What you need to do:
All lines in the listing below that hold the string "This" are to be tallied, with only the total reported.

Given data:
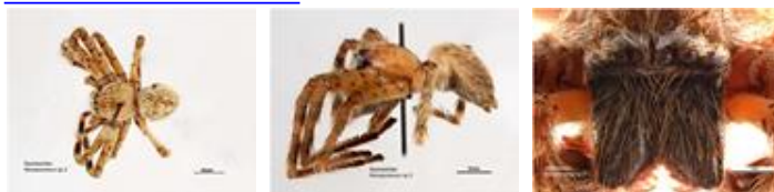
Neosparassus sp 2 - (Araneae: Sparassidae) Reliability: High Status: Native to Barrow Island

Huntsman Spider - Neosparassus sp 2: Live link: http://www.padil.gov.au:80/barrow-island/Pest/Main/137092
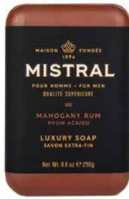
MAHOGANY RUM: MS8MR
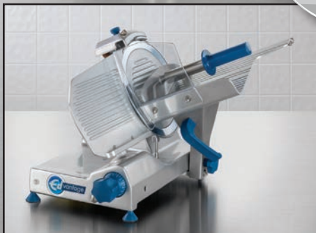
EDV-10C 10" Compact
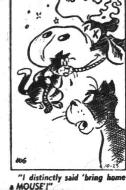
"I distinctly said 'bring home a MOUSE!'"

--

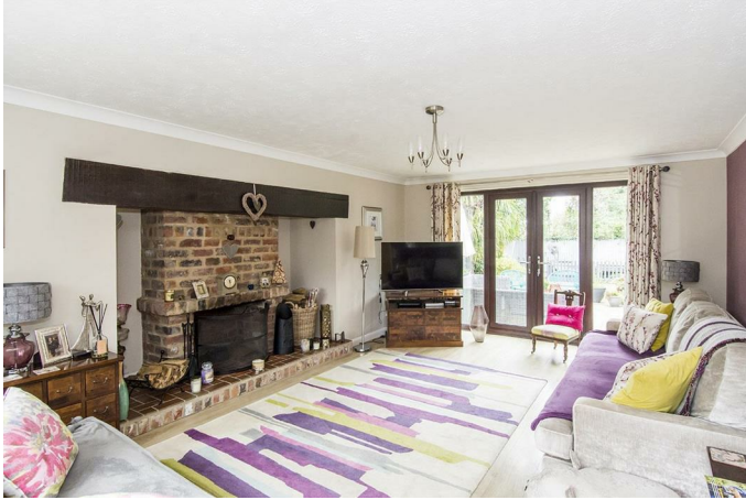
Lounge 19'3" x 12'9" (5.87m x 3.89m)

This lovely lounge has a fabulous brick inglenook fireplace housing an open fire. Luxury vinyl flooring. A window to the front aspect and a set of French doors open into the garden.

...

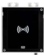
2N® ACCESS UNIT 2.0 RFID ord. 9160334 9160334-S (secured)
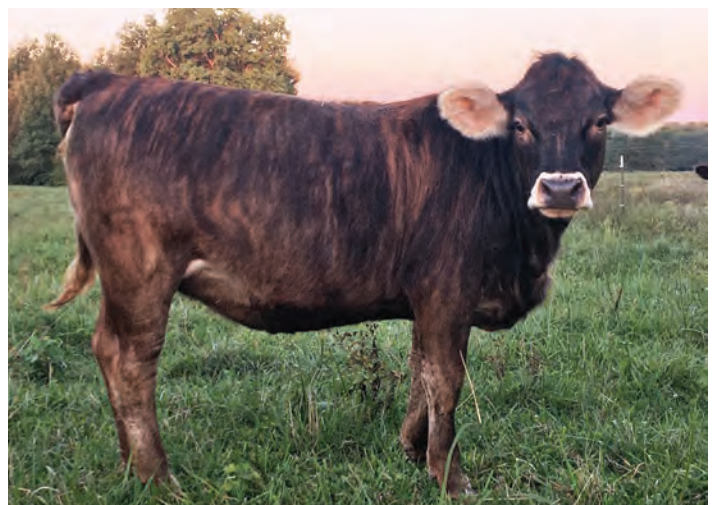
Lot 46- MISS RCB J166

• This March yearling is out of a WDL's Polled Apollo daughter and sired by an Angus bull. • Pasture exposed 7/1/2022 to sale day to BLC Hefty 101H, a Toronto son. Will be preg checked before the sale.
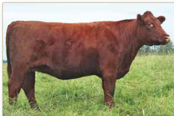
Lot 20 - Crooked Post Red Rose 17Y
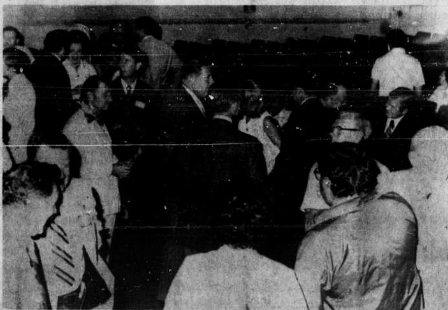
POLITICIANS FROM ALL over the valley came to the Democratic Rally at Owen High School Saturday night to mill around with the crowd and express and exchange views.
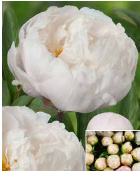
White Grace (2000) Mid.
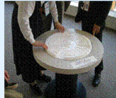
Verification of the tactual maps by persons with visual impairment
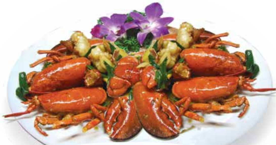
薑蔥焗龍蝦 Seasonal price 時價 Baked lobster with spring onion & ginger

Output of the exercise:
2